*AIM OF THE EXERCISE*
Restrict the output to the lines below starting at the one that contains "recuperación de pulso" and ending at the one that contains "As a critical", and restate them word for word, both ends included.

*EXTRACTED MATERIAL*
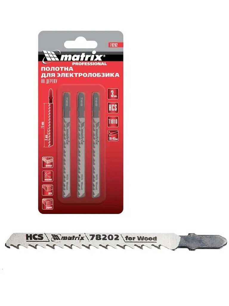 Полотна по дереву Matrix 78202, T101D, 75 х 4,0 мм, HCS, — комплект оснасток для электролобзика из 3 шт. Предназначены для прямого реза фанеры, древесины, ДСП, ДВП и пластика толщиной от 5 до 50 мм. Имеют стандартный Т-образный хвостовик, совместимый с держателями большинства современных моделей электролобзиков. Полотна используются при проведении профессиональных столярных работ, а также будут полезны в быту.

==

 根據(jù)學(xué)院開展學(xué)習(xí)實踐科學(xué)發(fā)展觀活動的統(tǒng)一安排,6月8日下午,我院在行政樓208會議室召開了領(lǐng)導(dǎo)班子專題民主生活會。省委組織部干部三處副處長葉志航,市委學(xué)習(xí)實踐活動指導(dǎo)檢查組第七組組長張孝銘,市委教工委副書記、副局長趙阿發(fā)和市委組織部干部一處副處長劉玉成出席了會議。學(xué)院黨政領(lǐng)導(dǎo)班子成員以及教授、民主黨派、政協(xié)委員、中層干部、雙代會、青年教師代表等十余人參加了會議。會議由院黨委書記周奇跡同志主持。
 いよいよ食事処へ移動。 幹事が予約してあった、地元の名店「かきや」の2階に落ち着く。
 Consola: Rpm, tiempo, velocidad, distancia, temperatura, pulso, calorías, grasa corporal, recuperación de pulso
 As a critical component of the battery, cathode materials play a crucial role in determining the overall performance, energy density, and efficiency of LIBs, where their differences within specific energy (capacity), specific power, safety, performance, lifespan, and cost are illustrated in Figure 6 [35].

*ANSWER TO THE EXERCISE*
 Consola: Rpm, tiempo, velocidad, distancia, temperatura, pulso, calorías, grasa corporal, recuperación de pulso
 As a critical component of the battery, cathode materials play a crucial role in determining the overall performance, energy density, and efficiency of LIBs, where their differences within specific energy (capacity), specific power, safety, performance, lifespan, and cost are illustrated in Figure 6 [35].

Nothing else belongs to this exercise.